- [Data]:
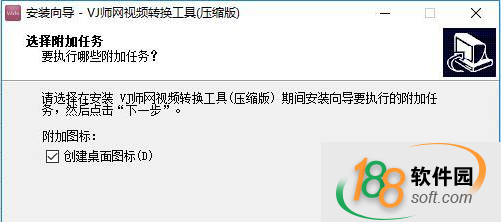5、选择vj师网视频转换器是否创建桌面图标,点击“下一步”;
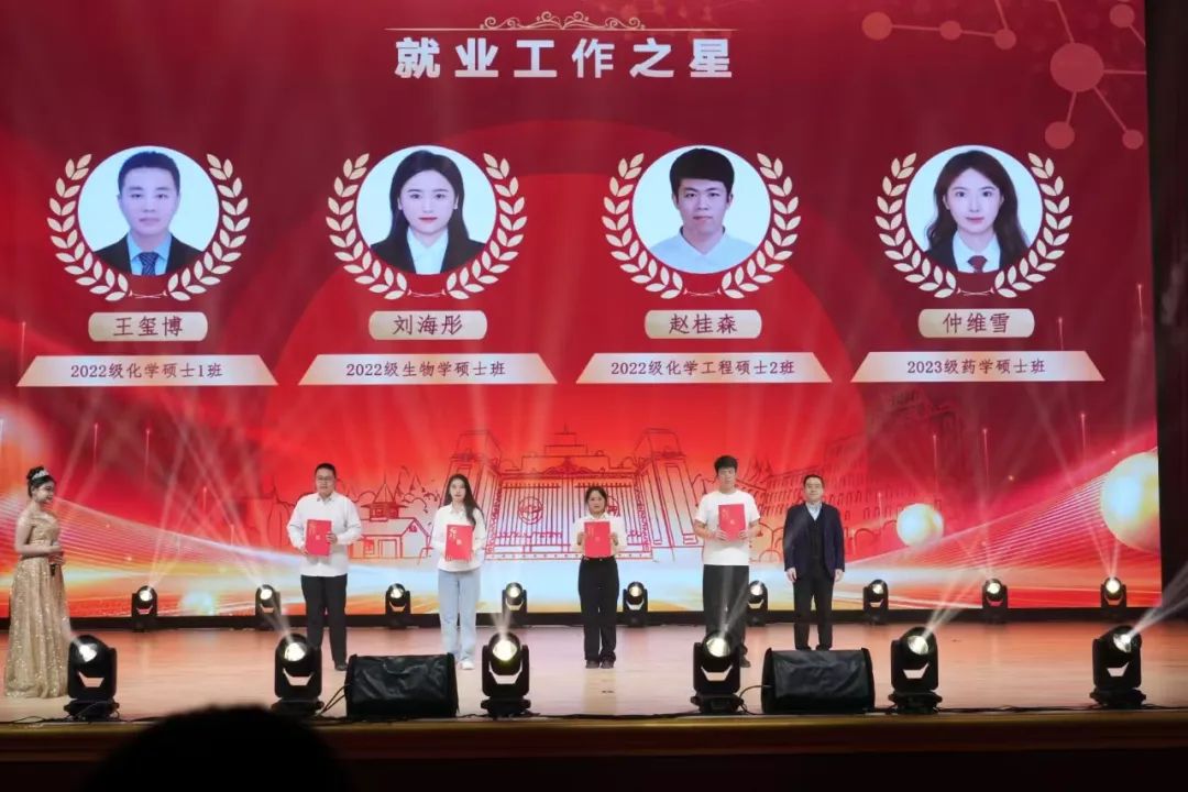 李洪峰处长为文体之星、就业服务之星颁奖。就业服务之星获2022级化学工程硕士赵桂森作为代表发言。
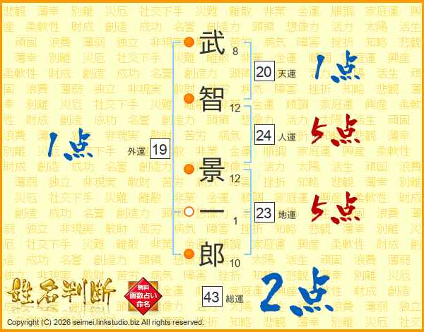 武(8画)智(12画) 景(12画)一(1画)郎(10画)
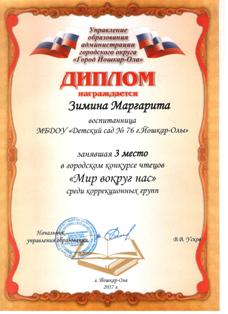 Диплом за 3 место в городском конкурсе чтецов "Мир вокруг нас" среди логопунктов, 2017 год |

- [Work required]:
Write out, word for word, the line containing "武(8画)智(12画) 景(12画)一(1画)郎(10画)" and each line after it to the end of the data, and nothing more. Drop the pictures.

- [Result below]:
 武(8画)智(12画) 景(12画)一(1画)郎(10画)
 Диплом за 3 место в городском конкурсе чтецов "Мир вокруг нас" среди логопунктов, 2017 год |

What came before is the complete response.